Zwei Regeln habe das Leben, sagt Geheimrat Schlüter in Erich Kästners Drei Männer im Schnee (1955): “Zwei und zwei ist vier, und auf Frauen muss man warten.” Eigentlich ist der olle Schlüter nicht nur ein sympathischer, sondern auch kluger Kerl, doch hier sind seine Aussagen problematisch. Arithmetik ist Berechnung, also unsicher, und warten muss man nur auf Sterne, die durch die Seele ziehen. Auf Fixsterne wartet man dabei besonders lange, doch manchmal lohnt es sich.

7. Januar 2017

Gestern, auf dem Weg zur Universitätsklinik Gießen, bin ich an einem Hinweisschild mit der Aufschrift “Studierendencafé” vorbeigekommen. Von meinem Sohn weiß ich, dass er einen “Studierendenausweis” hat, anders als ich früher, der ich einen Studentenausweis hatte. Während der Fahrt habe ich mich gefragt, ob es nun auch Beifahrendensitz und Nichtschwimmendenbecken heißt. Und ob es in Schulen jetzt Lehrendenzimmer gibt (Raucherzimmer ja wohl nicht mehr, aber vielleicht Rauchendenzimmer?) und Lernendentoiletten? Oder Schüler/-innentoiletten, Schüler*innentoiletten oder SchülerInnentoiletten? (Schüler-Innentoiletten, haha!) Benutzen Bauhandwerkende (!) jetzt Mauerndenkellen? Und muss man jeden Quatsch mitmachen?

5. Januar 2017

Den zu Silvester 2015 gefassten Vorsatz, im neuen Jahr mindestens einmal pro Monat in die Oper zu gehen, habe ich 2016 in die Tat umgesetzt. Gesehen und gehört – in manchen Fällen muss ich sagen “erlebt” – habe ich Xerse von Cavalli in Caen, Tosca von Puccini in Essen, Die weiße Dame von Boieldieu in Gießen, Rigoletto von Verdi in Mainz, Boris Godunow von Mussorgsky in Wiesbaden, Der goldene Hahn von Rimski-Korsakow in Düsseldorf, La Calisto von Cavalli in Darmstadt, La Juive von Halévy in Mannheim, Aida von Verdi in Neapel, Benvenuto Cellini von Berlioz in Köln, Jephte von Händel in Amsterdam und Ezio von Gluck in Frankfurt am Main.

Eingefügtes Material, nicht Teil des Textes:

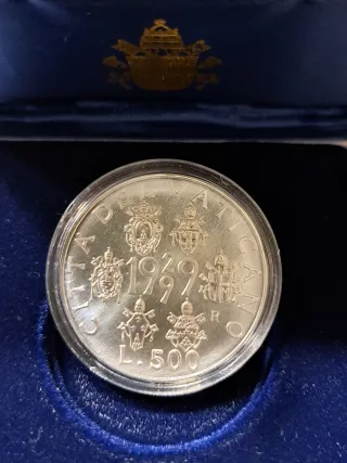 Moneta da 500 Lire in argento della Città del Vaticano, coniata nel 1999 per celebrare il 70° anniversario. - Anno di coniazione: 1999 - Valore nominale: 500 Lire - Metallo: Argento - Tema: 70° anniversario
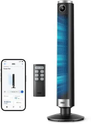 Smart Tower Fan for Bedroom, 40-45 Adjustable Height, 28 ft/s Velocity, DC Motor, 9 Speeds, 4 Modes, 90°Oscillating, Standing Fan, 20dB Quiet, 12H Timer for Home, Office, Google/Alexa, Black
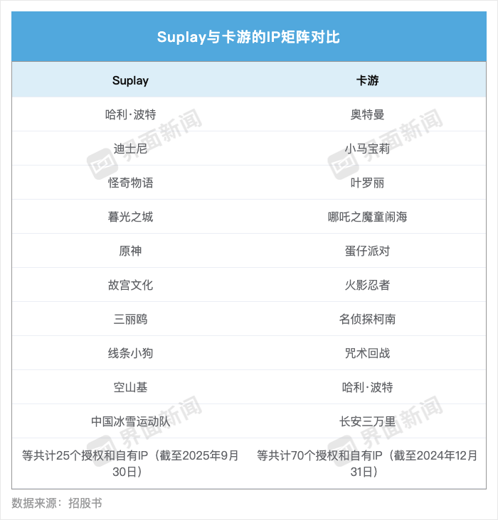 与泡泡玛特主要依靠自有IP不同,Suplay和卡游都是依赖于授权IP,但这两家公司的IP矩阵有所不同。
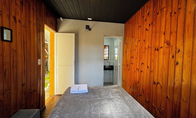 - Chale de Madeira - Lareira e Fogueira-lindo gramado com mesa para café da manhã, churrasqueira e fogueira
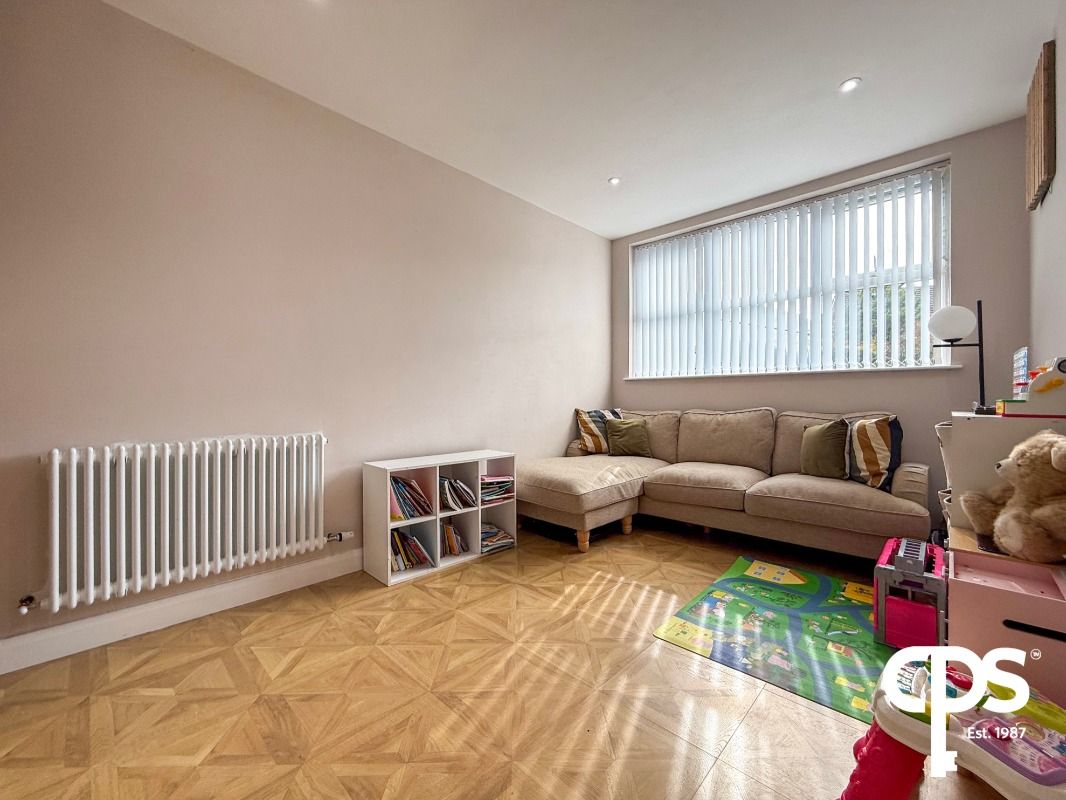 Located to the rear, this spacious room features laminated wooden flooring, a suspended TV bracket with sockets, and a radiator—ideal as a second lounge or entertainment space.
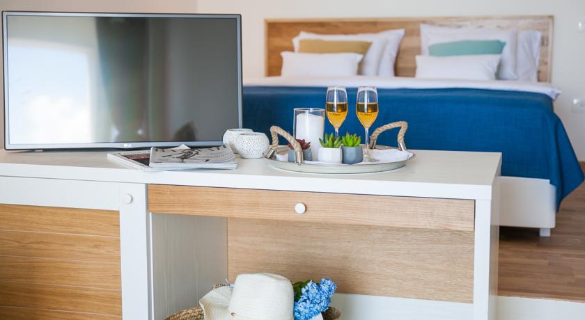 В KING DBL SV: однокомнатный номер с французской кроватью и раскладывающейся софой, кондиционер, спутниковое телевидение, Wi Fi интернет, прямая телефонная линия, мини бар, сейф, санузел с душевой кабиной, туалетные принадлежности, фен, халаты, тапочки, большой балкон с видом на море. Площадь номера 32м2. Максимальное размещение 2+1 человека.

Für 2017 gilt der gleiche Vorsatz, und drei Vorstellungen habe ich für das Fühjahr bereits fest geplant: Les Troyens von Berlioz in Frankfurt (März), Il ritorno d’Ulisse in patria von Monteverdi in Dijon (April) und The Rake’s Progress von Strawinsky in Frankfurt (April).

Tipp: An der Staatsoper im Schillertheater Berlin hat King Arthur von Purcell am 15. Januar Premiere (Leitung René Jacobs), ein Workshop für Erwachsene findet dazu am kommenden Samstag, 7. Januar von 14 – 18 Uhr statt. Tickets sind an der Theaterkasse erhältlich: (030) 20 35 45 57.